Der Konzern steckt in allen zivilen Programmen im Hochlauf. Die Produkte des weltgrößten Flugzeugbauers sind gefragt, das Airbus-Standardmodell A320neo ist bis in die frühen 2030er Jahre ausverkauft.
Airlines und Leasingfirmen erwarten mit Spannung die Lieferprognose für 2026. Airbus legt traditionell zu Jahresbeginn den Lieferplan fest. Der Sollwert ist nicht nur an der Börse eine viel beachtete Kennziffer - parallel steckt Airbus mit Kunden Liefertermine punktgenauer ab.
Gemeinhin wird erwartet, dass Airbus den 2019 bei 863 Flugzeugen aufgestellten Lieferrekord 2026 brechen will - und vielleicht sogar 900 Auslieferung anpeilt. Zu weit dürfte sich das Management gleichwohl nicht aus dem Fenster lehnen.

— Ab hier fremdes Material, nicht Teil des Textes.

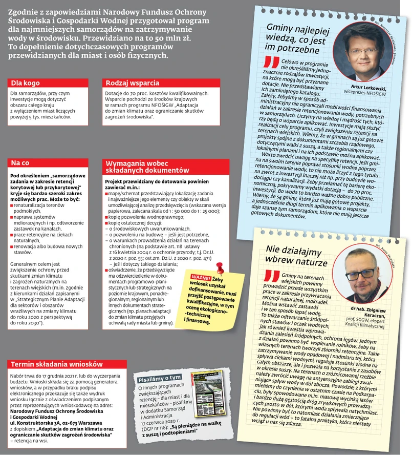 Zgodnie z zapowiedziami Narodowy Fundusz Ochrony Środowiska i Gospodarki Wodnej przygotował program dla najmniejszych samorządów na zatrzymanie wody w środowisku.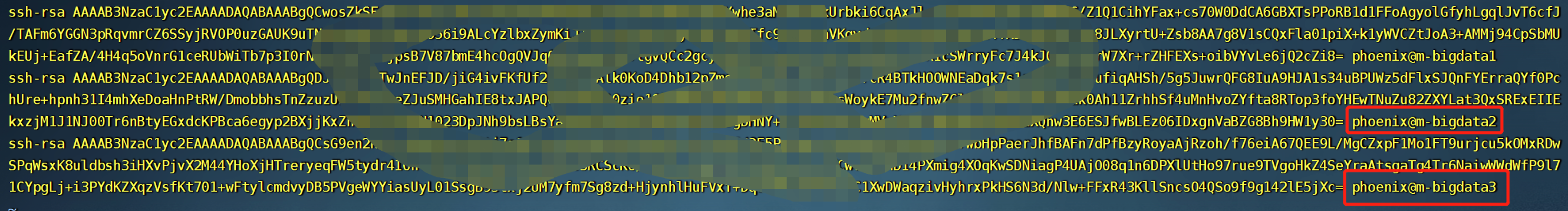 (也可以使用:ssh-copy-id -i ~/.ssh/id_rsa.pub phoenix@m-bigdata1)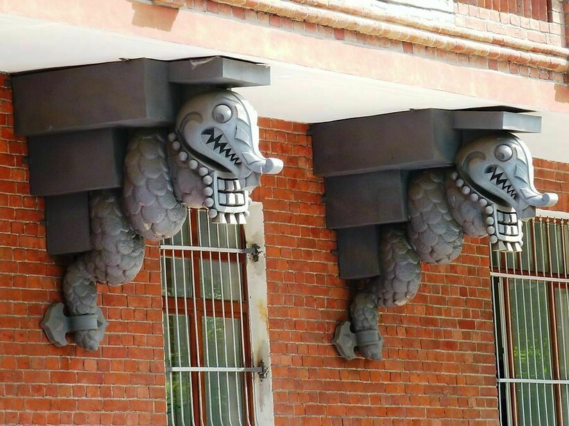 В архитектуре особняка прослеживаются мотивы славянского язычества, фасад украшен панно с изображением солнца и животных в необычном виде.

Airbus rechnet für 2026 mit einem andauernden Sichtflug bei Triebwerkslieferungen.
Das betreffe allem GTF-Triebwerke für Airbus A320neo von Pratt & Whitney, die aktuell weiterhin "sehr spät" an den Werken eintreffen, baute der scheidende Chef der Airbus-Verkehrsflugzeugsparte Christian Scherer im Januar vor.

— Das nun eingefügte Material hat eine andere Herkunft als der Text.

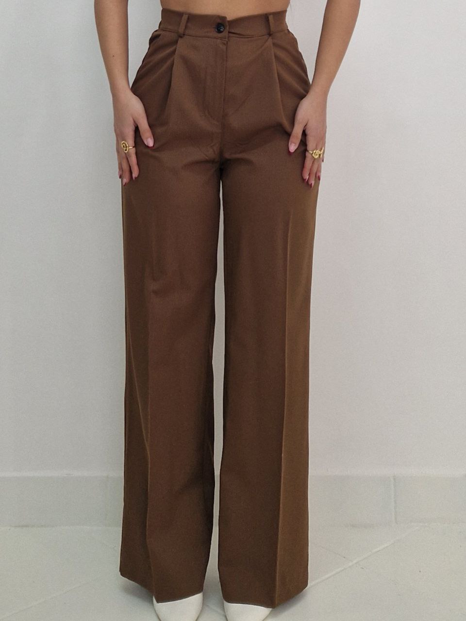 Coordinato tre pezzi, composto da giacca., smanicato (foderato internamente) e pantalone a palazzo con tasche. La taglia è unica vestibilità dalla S fino a taglia L/XL.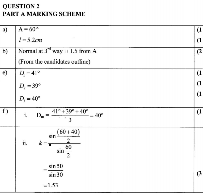 (e) For two other values of angle i shown in Table 2 locate and measure the corresponding angles of deviation. Complete Table 2.
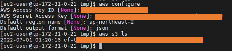 다시 ssh 화면으로 돌아와서 aws configure 명령어를 마무리 해 줍니다.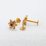 Gold Tops TP0307 Net Weight: 0.470 Grams Gold Tops For Girls With White Drop Stone Gold Tops with Screw Stopper 7 Days Return Policy Free Shipping Gold Rate: 245,000/Tola
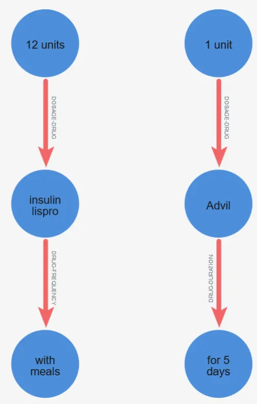 The zoomed view highlights how Neo4j helps validate the model output at a granular level: you can quickly inspect whether a specific attribute (e.g., “12 units” or “1 unit”) is attached to the correct drug and whether the relationship type matches the expected clinical meaning. This is especially useful, because graph visualization often reveals missing links or misattached attributes faster than scanning rows in a table.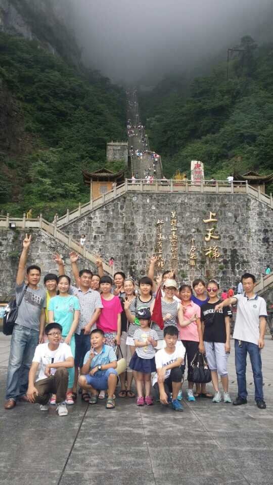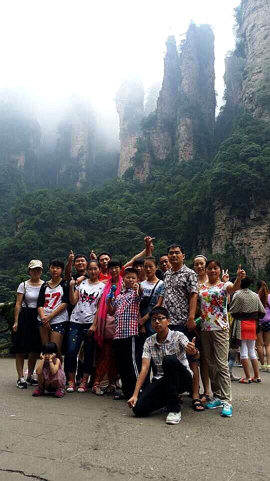 暑假和朋友商量着、趁着小孩假期间,带她们出来玩玩,最后决定了去—张家界。我们另外还组织了邻居朋友4家人,加上我们一家子共19个人,开了四辆车子。我们的具体行程是7月10日抵达张家界市区,7月10日—2日游玩张家界景区,因为09年报旅行社跟过团来张家界玩过一次,感觉像赶鸭子似的,而且当时带我们的导游在行程里面另外加了几个非常不好玩的景点,钱是花了很多,但是玩的也很不开心。所以这次是找的是朋友极力推荐的当地专门做自助游的导游小陈安排我们的吃、住、行。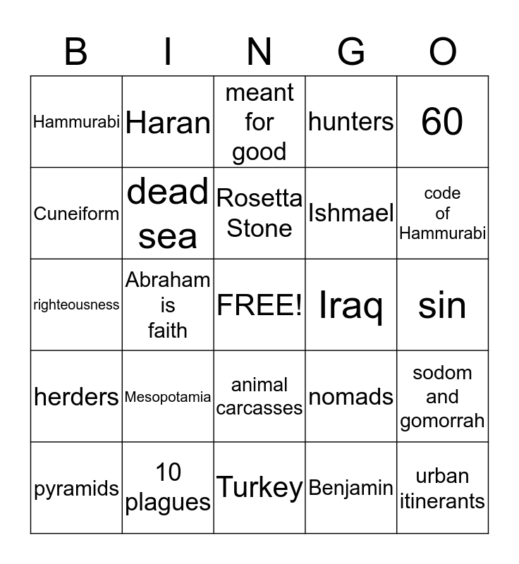 This bingo card has a free space and 24 words: Mesopotamia, 10 plagues, Rosetta Stone, pyramids, 60, Hammurabi, Cuneiform, Haran, Iraq, animal carcasses, Ishmael, righteousness, nomads, sodom and gomorrah, dead sea, Benjamin, sin, meant for good, code of Hammurabi, Abraham is faith, urban itinerants, herders, hunters and Turkey.

"Airbus hat uns und anderen bereits signalisiert, dass Triebwerke 2026 die Engstelle bei den A320neo bleiben werden", sagte ein Aufsichtsrat eines großen europäischen Airbus-Kunden aero.de im Januar. "Bei den A350 ist das weniger ein Thema."

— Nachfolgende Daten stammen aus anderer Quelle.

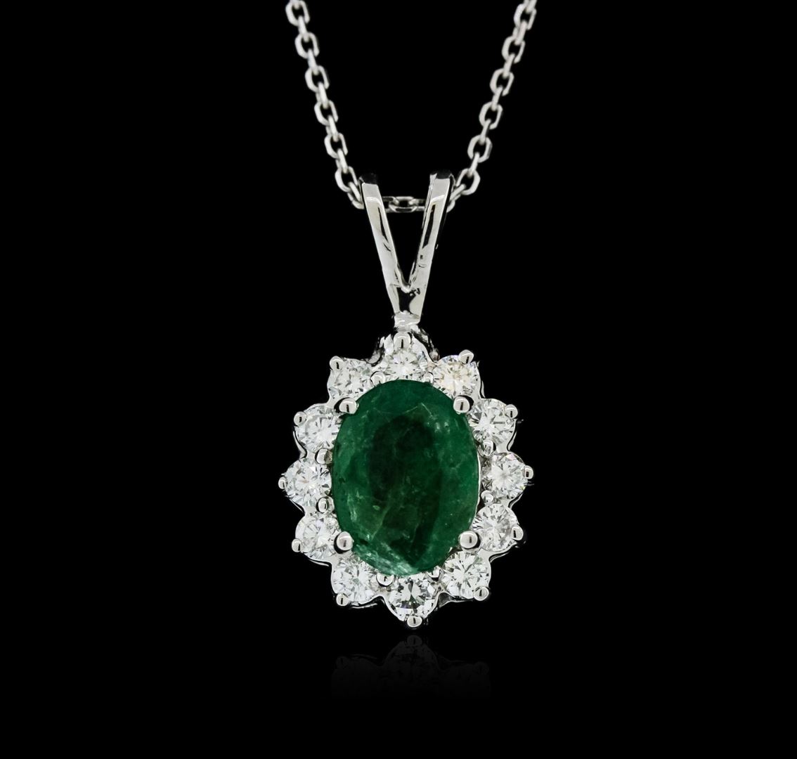 One pendant with chain featuring: 14KT white gold weighing 2.27 grams containing one emerald with a total weight of 1.58ct and prong set round diamonds with a total weight of 0.52ct.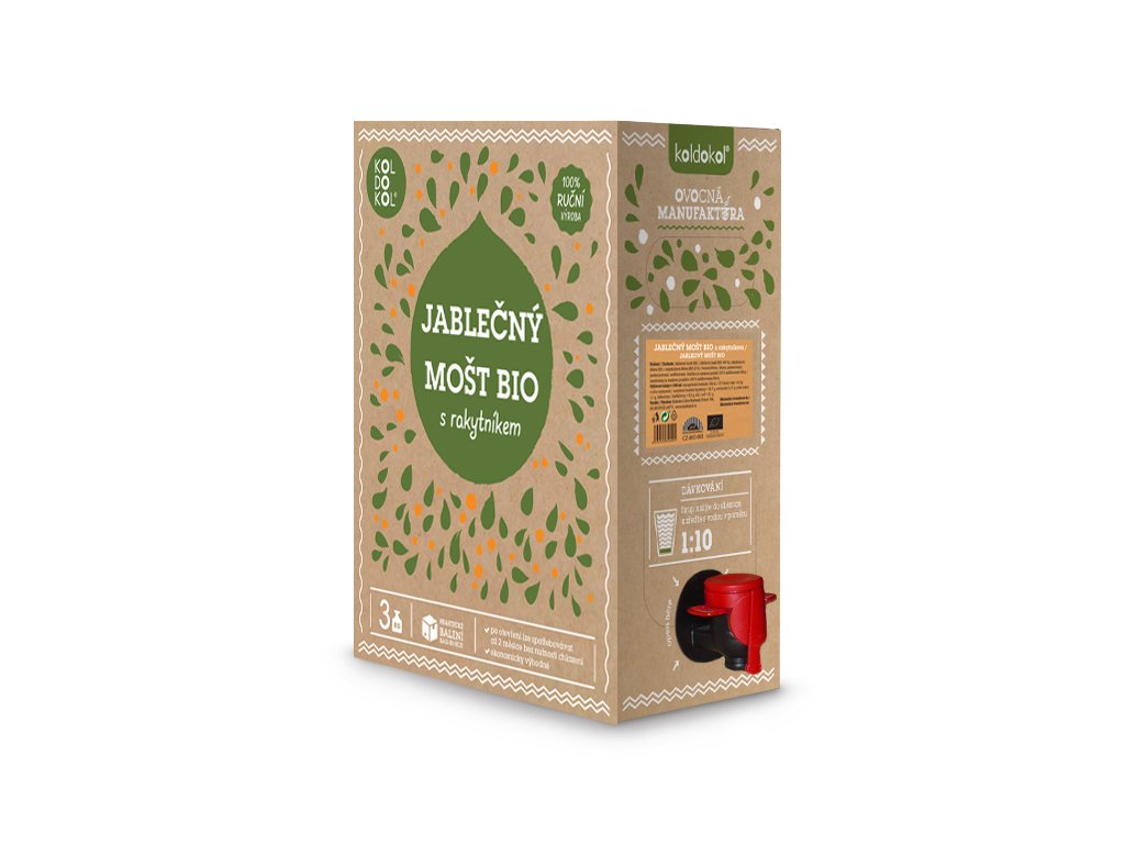 Složení: 95% jablečný mošt BIO, 5% rakytníková šťáva BIO.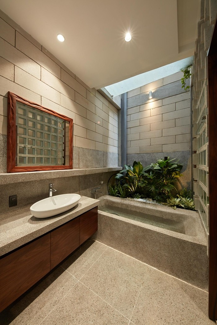 Khu vệ sinh nối liền phòng ngủ, có bồn tắm bê tông đón ánh sáng tự nhiên từ giếng trời giúp tận dụng tối đa ánh sáng tự nhiên và thông gió. Ảnh: Thiết Vũ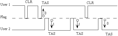 type FLAGTYPE is range 0..1; task CONTROL_FLAG is entry TAS (TEST_RESULT: out FLAGTYPE); entry CLR; end CONTROL_FLAG; task body CONTROL_FLAG is FLAG:FLAGTYPE; begin loop select accept TAS(TEST_RESULT: out FLAGTYPE) do TEST_RESULT := FLAG; FLAG := 1; end; or accept CLR do FLAG := 0; end; end select end loop end CONTROL_FLAG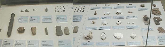 下右が中谷貝塚から出土した遺物群。左は、兵庫県下の縄文遺跡から出土する石器群。

Airbus hatte wegen Produktionsengpässen bei Triebwerkspartern den Hochlaufplan für die Serien A320neo und A220 gestreckt. Im Brot-und-Butter-Programm A320neo arbeitet Airbus auf eine lange für 2026 anvisierte 75er-Monatsrate inzwischen bis 2027 hin. Die A220-Serie will Airbus 2026 auf zwölf Flugzeuge pro Monat hochtakten, zwei Flugzeuge weniger als geplant.
Lufthansa erwartet gegen Jahresende erste A220-300 für City Airlines. "Bisher gehen wir nicht von Verzögerungen aus", sagte Lufthansa-Chef Carsten Spohr im November.
Boeing hat seine Erwartungen letzte Woche vorgelegt - der Airbus-Konkurrent rechnet 2026 mit rund 500 Auslieferungen im 737-MAX-Programm und bis zu 100 787.